The bubbles cut out very nicely in an almond shaped swipe of the knife in two arcs. Then just mud over the oval hole.


----------



## Mud Master

What Willie said.

Only reason to pull and re-tape is if the majority of the joint is blistered. At that point I'd start from scratch.

As Willie said, just cut it out as an oval and mud.


----------



## flati

Thank you guys very much....Perhaps I should stick to the landscaping thing.


----------



## ApgarNJ

I always use green mud when taping. then blue after that.
the 45 minute bags though can be used for taping if you want to hit it with a second coat in the same day.


----------



## KennMacMoragh

They are called blisters not bubbles if you want to get technical. A lot of people struggle with it when they are brand new to taping. You are just not doing it right, follow these steps:

- Make sure the room isn't too hot, turn off the heat. 
- Make sure the mud is wet enough. Are you taking it right out of the box or adding water? Add water and mix it with your drill to get it more wet/sticky.
- Make sure you are using enough, is every part of the tape touching mud?
- Spend less time between the mud and tape intervals. As soon as you put the mud on your seam, tape it before it has time to start drying. 

I struggled with blisters a lot when I was new at taping, but now I rarely ever get them. It's all technique, not so much what kind of mud you are using.


----------



## moore

ken is right . blisters. don't go to far ahead of yourself before wiping down. 
10 coats over a blister. you still have a blister. they have to be cut out.


----------



## flippinfool

flati said:


> After taping a basement I have quite a few bubbles under my paper tape. I really made sure I loaded the joints with mud but they still appeared after I coateed the tape. I was told that using the lightweight blue lid compound was a bad idea because it doesnt have enough glue in the mix for taping compared to the green lid??? I was also told that to save myself alot of work and time that I could just cut the buble out and fill with compound, skipping the retaping part, acceptable??? Would wetting my tape with water prior to taping help any?


 
I have quite a few bubbles under my paper tape. I really made sure I loaded the joints with mud 

Mud maybe a little too dry. You may have taken too much time before applying tape. It will start drying on the outside pretty quick. Make sure it's mixed well. I use green lid and add a little water when using paper tape. I also use http://store.straitflex.com/product_p/sb-12.htm when doing all my bed coats including nails. I just started using fiba-fuse http://drywallzone.com/fibafuse-paperless-drywall-joint-tape.html
for flats and butts and really like it. This stuff lays real flat and really shines on butts joints. All products have a learning curve that we all must get used too.


----------



## Willie T

It helps to teach yourself "why" you are even using this tape. It's not decoration. It has a structural function just as the foundation of a house does.
· Is it to fill the gap between the two sheets of drywall? ...No.
· Is it to level out the surfaces? ...No.
· It is to create a solid, continuous surface bond between the two sheets that will show no cracks when small shrinkage and settlement movements occur in the future.
So............ Your main purpose is to allow (or "help") the three elements of...
1. The paper on the face of each sheet
2. The tape, itself
3. The mating coat of mud
... to combine smoothly as a unit... adhere to one another... and dry as a hard, solid bridge upon which to build additional layers of finishing compound (mud).
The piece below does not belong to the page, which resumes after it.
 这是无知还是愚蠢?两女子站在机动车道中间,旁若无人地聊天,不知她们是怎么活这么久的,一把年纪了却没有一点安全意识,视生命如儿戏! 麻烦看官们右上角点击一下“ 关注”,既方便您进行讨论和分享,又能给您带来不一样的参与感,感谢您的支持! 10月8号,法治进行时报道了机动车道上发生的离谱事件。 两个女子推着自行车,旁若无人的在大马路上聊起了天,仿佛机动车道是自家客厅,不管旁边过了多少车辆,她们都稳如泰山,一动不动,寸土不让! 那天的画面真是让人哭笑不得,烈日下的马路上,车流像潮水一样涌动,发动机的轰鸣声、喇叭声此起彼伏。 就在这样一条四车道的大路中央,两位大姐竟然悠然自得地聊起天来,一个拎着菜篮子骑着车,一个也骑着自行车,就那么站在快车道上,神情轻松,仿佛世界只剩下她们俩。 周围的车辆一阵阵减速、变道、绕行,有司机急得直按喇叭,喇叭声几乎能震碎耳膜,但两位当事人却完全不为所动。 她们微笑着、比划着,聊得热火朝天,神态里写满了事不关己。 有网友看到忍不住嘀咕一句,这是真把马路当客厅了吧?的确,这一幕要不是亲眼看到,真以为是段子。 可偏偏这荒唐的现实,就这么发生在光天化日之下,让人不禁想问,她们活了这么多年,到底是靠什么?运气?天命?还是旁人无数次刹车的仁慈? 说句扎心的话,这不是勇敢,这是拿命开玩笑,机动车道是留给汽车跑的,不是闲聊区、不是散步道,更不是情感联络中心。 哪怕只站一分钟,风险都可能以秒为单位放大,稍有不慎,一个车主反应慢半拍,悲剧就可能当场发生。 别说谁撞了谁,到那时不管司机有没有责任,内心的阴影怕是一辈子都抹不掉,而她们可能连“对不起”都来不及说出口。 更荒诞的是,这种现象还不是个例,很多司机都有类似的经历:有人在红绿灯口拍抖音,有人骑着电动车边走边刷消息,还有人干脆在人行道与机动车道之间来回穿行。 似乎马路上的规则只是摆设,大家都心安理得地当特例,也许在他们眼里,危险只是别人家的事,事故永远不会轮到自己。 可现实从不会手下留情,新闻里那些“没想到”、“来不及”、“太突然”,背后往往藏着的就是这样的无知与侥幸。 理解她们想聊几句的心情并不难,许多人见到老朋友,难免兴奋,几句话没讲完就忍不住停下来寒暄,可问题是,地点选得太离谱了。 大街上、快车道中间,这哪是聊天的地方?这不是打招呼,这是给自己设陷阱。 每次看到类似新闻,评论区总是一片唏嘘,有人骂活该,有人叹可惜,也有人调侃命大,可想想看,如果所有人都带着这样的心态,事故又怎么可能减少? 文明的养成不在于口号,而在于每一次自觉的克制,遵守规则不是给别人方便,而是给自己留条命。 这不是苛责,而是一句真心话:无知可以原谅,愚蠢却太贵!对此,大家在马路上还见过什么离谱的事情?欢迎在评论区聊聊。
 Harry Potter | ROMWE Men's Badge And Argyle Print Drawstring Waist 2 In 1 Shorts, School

You do this by, first of all, making sure everything will stick together in more than just a physical, surface bond. You are looking for a chemical adhesion. You do not have to worry about creating a substance that will do this. It's already been created, and it's called "mud".

But you DO have to provide the proper environment and application process for it to do it's job correctly and fully.

This means (believe it or not) that you have to provide additional moisture for the chemical elements in the mud to do their thing.

Step one is to mix your taping mud a little on the sloppy side. The consistency should not be like butter or mashed potatoes... but like mashed potatoes with a big hunk of butter mixed in. The way your kids like to do it at Thanksgiving dinner.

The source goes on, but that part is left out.